# The Invisible Man



## mcdougall (Oct 28, 2007)

The June release date for the Invisible Man can't come fast enough for me, I always thought this was one model Aurora should have done back in the sixties. But thanks Frank for stepping up to the plate on this one. The Box Art looks great! Any test shots available yet? This kit is going to be a blast to customize and add lighting to...yep gonna need a six pack of these for sure!
Mcdee :woohoo:


----------



## ChrisW (Jan 1, 1970)

McDee - Just to let you know, the box art will be quite different from the sample on the website. That was done for the box mock up at the Chicago hobby expo.
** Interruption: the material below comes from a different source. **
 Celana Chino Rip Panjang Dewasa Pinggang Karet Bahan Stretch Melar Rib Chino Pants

I'm working on the final painting now.


----------



## mcdougall (Oct 28, 2007)

Cool, can't wait to see the final results ! How soon do you think that will be?


----------



## Lloyd Collins (Sep 25, 2004)

Ain't nothing like a Chris White box art!


----------



## beck (Oct 22, 2003)

looking forward to this one also . i need to go ahead and preorder . 
hey CW , will it have the Aurora style lettering too ? 
hb


----------



## Gerry-Lynn (Mar 20, 2002)

Chris White,

I think the box art you have shown looks pretty good - I assume the Sculpt is alot different?

Gerry-Lynn


----------



## Night-Owl (Mar 17, 2000)

This is going to be a seriously cool kit! I'm sure I'll be getting several myself. Looking forward to seeing you box art Chris.


----------



## ChrisW (Jan 1, 1970)

Thanks guys.
Actually the sculpt is very accurate to the composite drawing I posted :







. The detail work in the sculpt is incredible - gloves, wrap, wrinkles and folds, etc. And I LOVE the laboratory instriuments. I can imagine people buying additional kits just for those. Bookcase filled with volumes, all manner of bottles, flasks, beakers, lab rats,... I am very excited seeing this kit come through the stages! By the way, I hope you like the nameplate when you see it, I designed something a bit different to honor the inspiration of the kit.
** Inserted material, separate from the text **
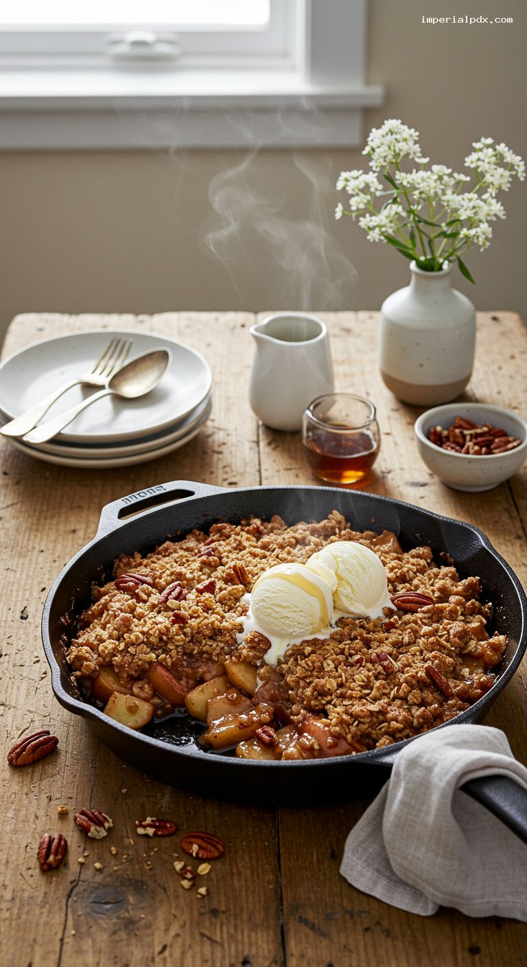 Let the crisp rest for 10 minutes so the juices thicken. Spoon into bowls while warm. Top each serving with a generous scoop of vanilla ice cream and, if you like, a light drizzle of maple syrup. Serve immediately.

The new painting has the figure larger, and the point of view is more in line with the classic Aurora low angle.

Beck - that's a good question to pose on the forum. My original mockup has the ragged font lettering, but I've been playing with different ideas. My question is: Do you have preference over the type being similar to the classic Aurora line, or would you rather see something unique and different inspired by the kit?


----------



## MonsterModelMan (Dec 20, 2000)

ChrisW said:


> The new painting has the figure larger, and the point of view is more in line with the classic Aurora low angle.
> 
> My question is: Do you have preference over the type being similar to the classic Aurora line, or would you rather see something unique and different inspired by the kit?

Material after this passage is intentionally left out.